▶ About this task:
Given the records underneath, please repeat exactly the lines from the line with "日级别线图,连续上涨KD多方过热,一旦跌破5日均线,可能回测30日均线。" through the line with "骑行道全长6.25公里,设计", passing over any picture.

▶ Extracted entries:
::::::::::

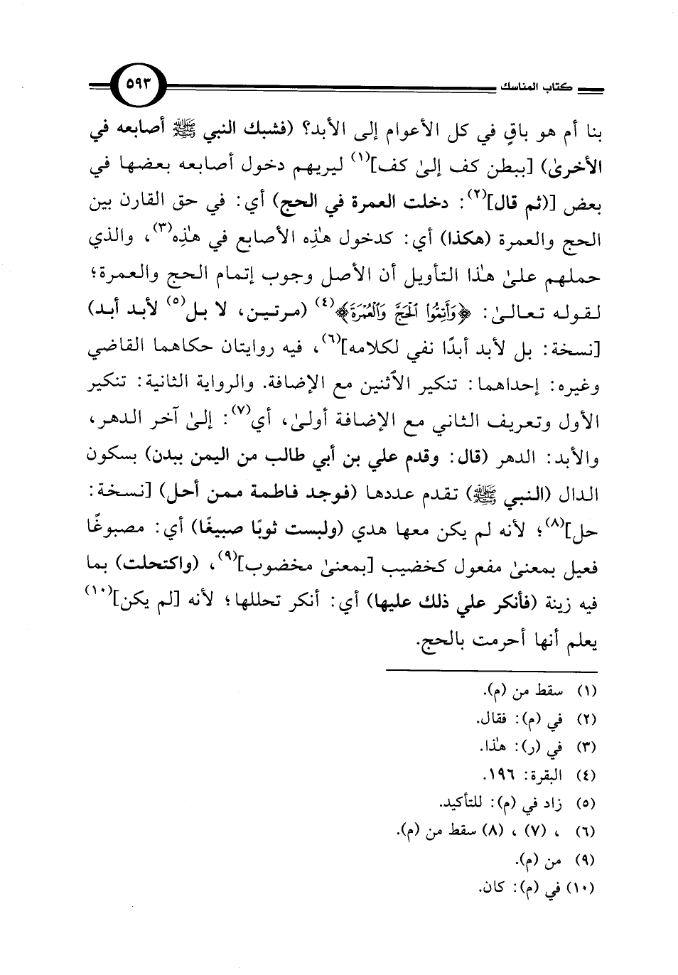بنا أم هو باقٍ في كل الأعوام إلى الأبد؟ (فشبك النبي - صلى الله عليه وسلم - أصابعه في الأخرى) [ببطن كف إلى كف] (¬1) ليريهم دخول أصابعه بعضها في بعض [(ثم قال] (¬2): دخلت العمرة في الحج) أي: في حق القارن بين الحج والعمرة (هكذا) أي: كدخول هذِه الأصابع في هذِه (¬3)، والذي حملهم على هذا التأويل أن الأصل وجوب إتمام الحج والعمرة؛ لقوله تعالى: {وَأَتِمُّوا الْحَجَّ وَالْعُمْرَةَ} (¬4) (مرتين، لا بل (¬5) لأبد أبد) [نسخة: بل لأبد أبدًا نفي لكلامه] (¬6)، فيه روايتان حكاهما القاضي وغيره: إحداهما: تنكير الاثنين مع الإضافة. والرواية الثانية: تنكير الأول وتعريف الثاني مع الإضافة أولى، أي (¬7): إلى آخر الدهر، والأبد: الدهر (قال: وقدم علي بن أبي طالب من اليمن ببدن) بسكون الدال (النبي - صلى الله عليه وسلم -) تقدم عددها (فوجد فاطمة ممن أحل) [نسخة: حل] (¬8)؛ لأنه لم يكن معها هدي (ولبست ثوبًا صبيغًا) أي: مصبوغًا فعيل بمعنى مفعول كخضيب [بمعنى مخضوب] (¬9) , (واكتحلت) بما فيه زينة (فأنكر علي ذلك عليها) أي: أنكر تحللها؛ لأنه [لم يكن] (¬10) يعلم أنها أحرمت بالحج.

::::::::::

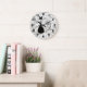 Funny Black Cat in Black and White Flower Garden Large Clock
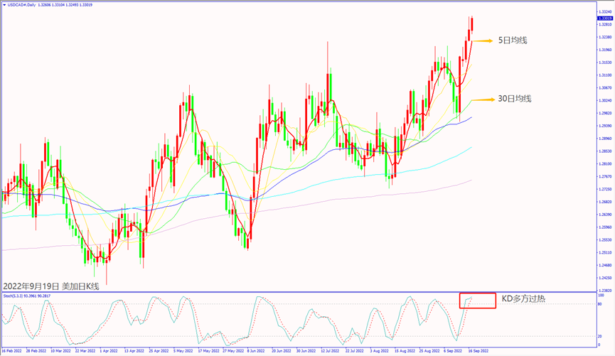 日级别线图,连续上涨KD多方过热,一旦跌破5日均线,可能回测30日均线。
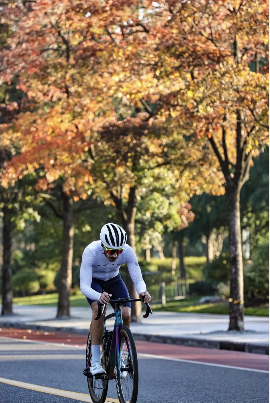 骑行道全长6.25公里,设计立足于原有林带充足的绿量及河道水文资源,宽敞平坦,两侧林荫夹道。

::::::::::

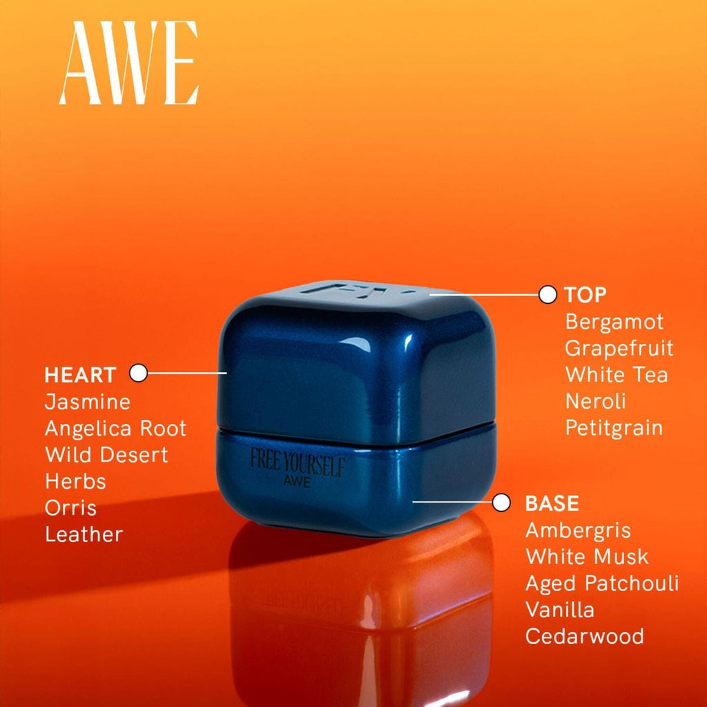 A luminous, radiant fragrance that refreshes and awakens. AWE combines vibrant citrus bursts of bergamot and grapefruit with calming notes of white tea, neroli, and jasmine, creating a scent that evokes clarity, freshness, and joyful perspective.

::::::::::

▶ Result:
 日级别线图,连续上涨KD多方过热,一旦跌破5日均线,可能回测30日均线。
 骑行道全长6.25公里,设计立足于原有林带充足的绿量及河道水文资源,宽敞平坦,两侧林荫夹道。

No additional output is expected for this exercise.